Among them, a short man clutched a lidded coffee in one hand and a Plain Dealer in the other as he trudged up the stairs. His long gray beard and curled moustache identified him as much as the Ivy driver’s cap of brushed twill and the bulky gray cardigan he wore over a beige button-down shirt. He’d teamed it all with khaki pants and loafers.
Maurice. Beau’s hired help.
He neared the summit, and I saw the blurriness created by the hefty prescription in the wire-rimmed glasses that perched on his round nose. The crack in the left lens that I’d noticed when we’d first met was still there.
When behind the store’s counter, he had the “mystical wizard” act down pat, but he was a total fake. Anyone who had real power could tell. I didn’t exactly like Maurice, but Beau was clever to have him here. It was a means to identify the clientele and gauge who should and shouldn’t get to purchase items that would be dangerous to mundane humans.
Additionally, since Beau was Bindspoken, he couldn’t personally touch the merchandise without causing himself physical pain.
Maurice was pretty close before he noticed us waiting by the door. He paused a few paces away. “I remember you,” he said to me. “But I don’t know your name.”
“Hi, Maurice. I’m Persephone.”
“Yes, yes. Are you here for the priapean wands?”
“No. Just some supplies. What is a pre-a-pee-an wand?”
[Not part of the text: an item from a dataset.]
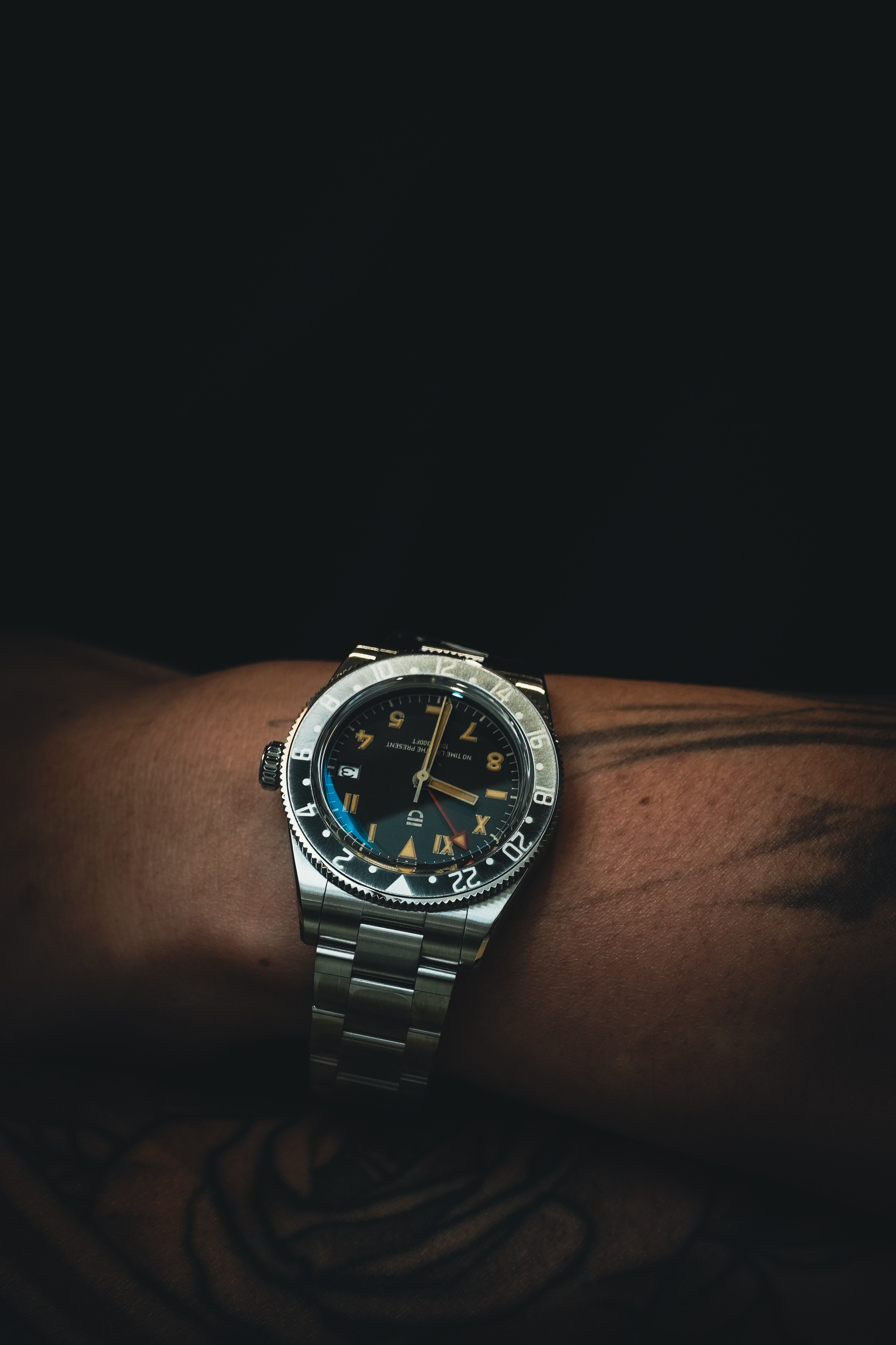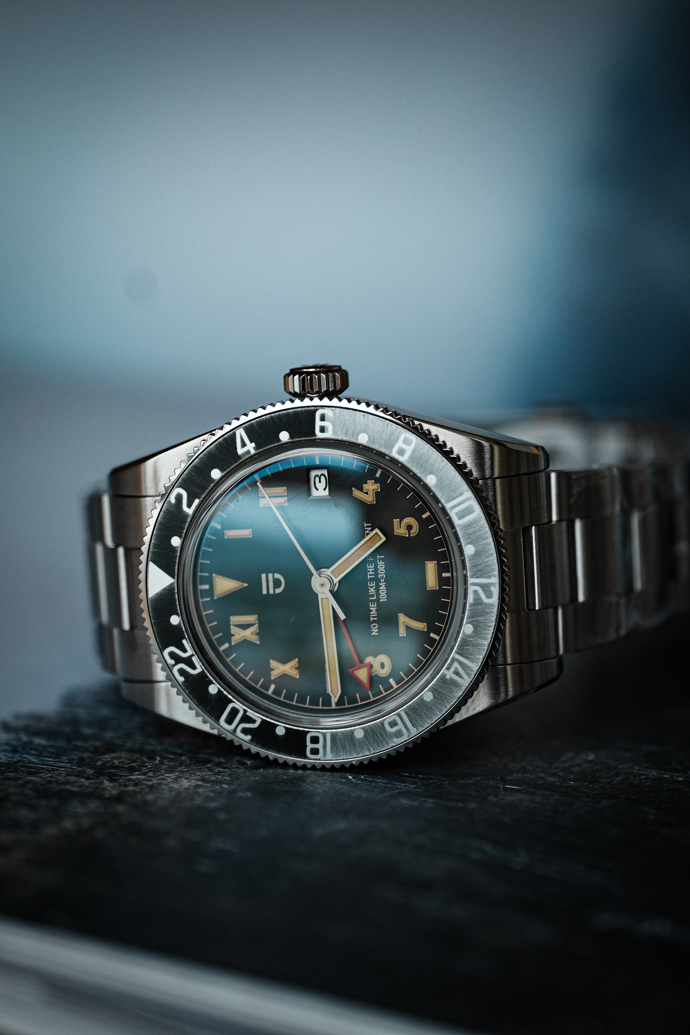 ENJOYEE黑篮国米圈白面gmt手工做旧自动机械腕表

He chattered a laugh and shoved his newspaper under his arm so he could dig the keys from his pocket. “I’ll show you.” Zhan and I parted so he could access the lock. A brass bell chimed as the door swung open, and he flipped on some lights. We followed him in. Aromas mingled, pungent incenses and spicy oils mixed with the earthiness of dried leaves and flowers, all merged with scented candles and old books to form a smell that only another witch shop could produce.
The wooden floor creaked under our feet as Zhan and I followed him past racks of pagan-oriented T-shirts and around displays of brooms and cauldrons toward the bins with loose gemstones and the display cases with wands and crystal balls.
Maurice rounded behind the counter and we waited on the customer side of it while he plodded into the back and engaged the rest of the store’s lights. He brought something wrapped in tissue paper with him. “These just came in.” He laid the item on the counter. “I tell you, they’re going to be all the rage.”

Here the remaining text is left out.